Even some Libyans are worried by Abdel Hakim Belhaj. It’s not that his revolutionary credentials are anything less than impeccable. When victorious rebel forces blasted through the gates at Muammar Gaddafi’s Bab al-Aziziya compound in Tripoli, the 45-year-old commander who led the charge was none other than Belhaj. As a battle-hardened veteran, he had organized and trained many of those rebel fighters in Libya’s western mountains. And now the rebels’ National Transitional Council (NTC) has accepted him as head of the newly created Tripoli Military Council, with control of some 8,000 troops, the biggest fighting force in Libya.
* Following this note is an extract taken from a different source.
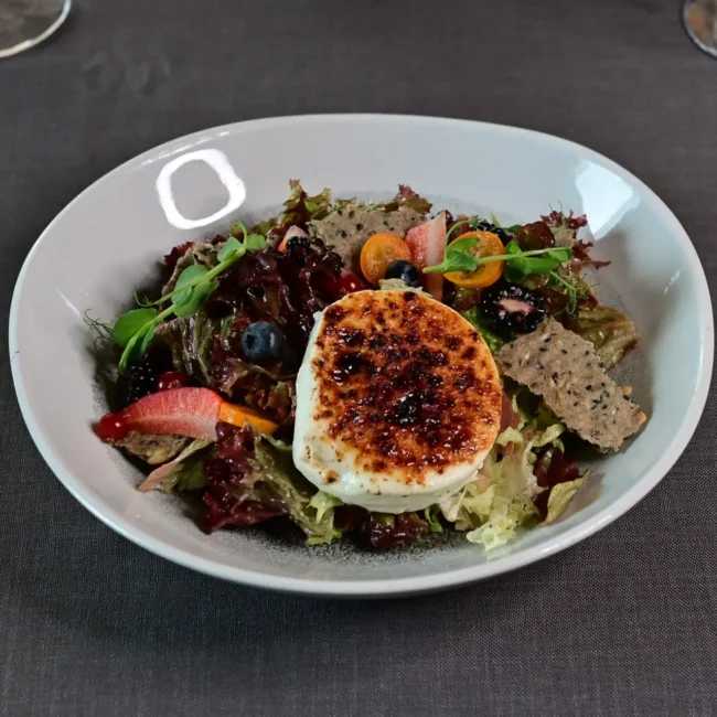 Karamelizēts kazas siers ar lapu salātiem un svaigām ogām

The trouble is that Belhaj’s record as a Gaddafi adversary just might be too impressive. Belhaj is a founding member and former leader of the Libyan Islamic Fighting Group (LIFG), which is listed by both the U.S. State Department and the British Home Office as an international terrorist organization. Several past or present LIFG members have held prominent positions in al Qaeda, including operations chief Atiyah Abd al-Rahman, who was recently killed in a CIA drone attack. The LIFG is hardly Libya’s only militant Islamist force, but it’s easily the biggest and very possibly the most dangerous.
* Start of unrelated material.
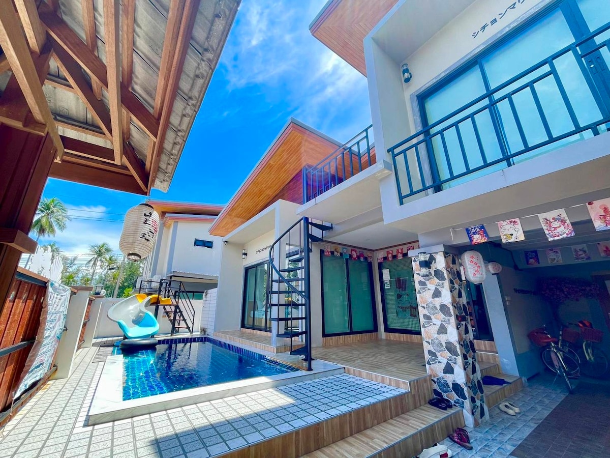ที่พักอบอุ่นเหมาะสำหรับครอบครัว ตกแต่งสไตล์ญี่ปุ่น สามารถพักได้ถึง 11ท่าน มีสระว่ายน้ำ อยู่ใกล้ทะเลแค่100เมตร สามารถเล่นน้ำทะเลได้ มีความปลอดภัยและเป็นส่วนตัว มีห้องคาราโอเกะเก็บเสียง ใช้เสียงได้ทั้งคืนไม่จำกัดเวลา อยู่ใกล้สถานที่ท่องเที่ยวและคาเฟ่หลายแห่ง อยู่ใกล้ตลาด

Belhaj himself makes no secret of having met Osama bin Laden in the late 1980s, back when they were both fighting the Soviets in Afghanistan. Even so, he denies any sympathy for al Qaeda’s aims. “Meeting with a person with a specific ideology doesn’t mean I agree with that ideology,” Belhaj told The Daily Beast. “I didn’t go to Afghanistan to fight with bin Laden. I went to Afghanistan to support the Afghans and fight with them.”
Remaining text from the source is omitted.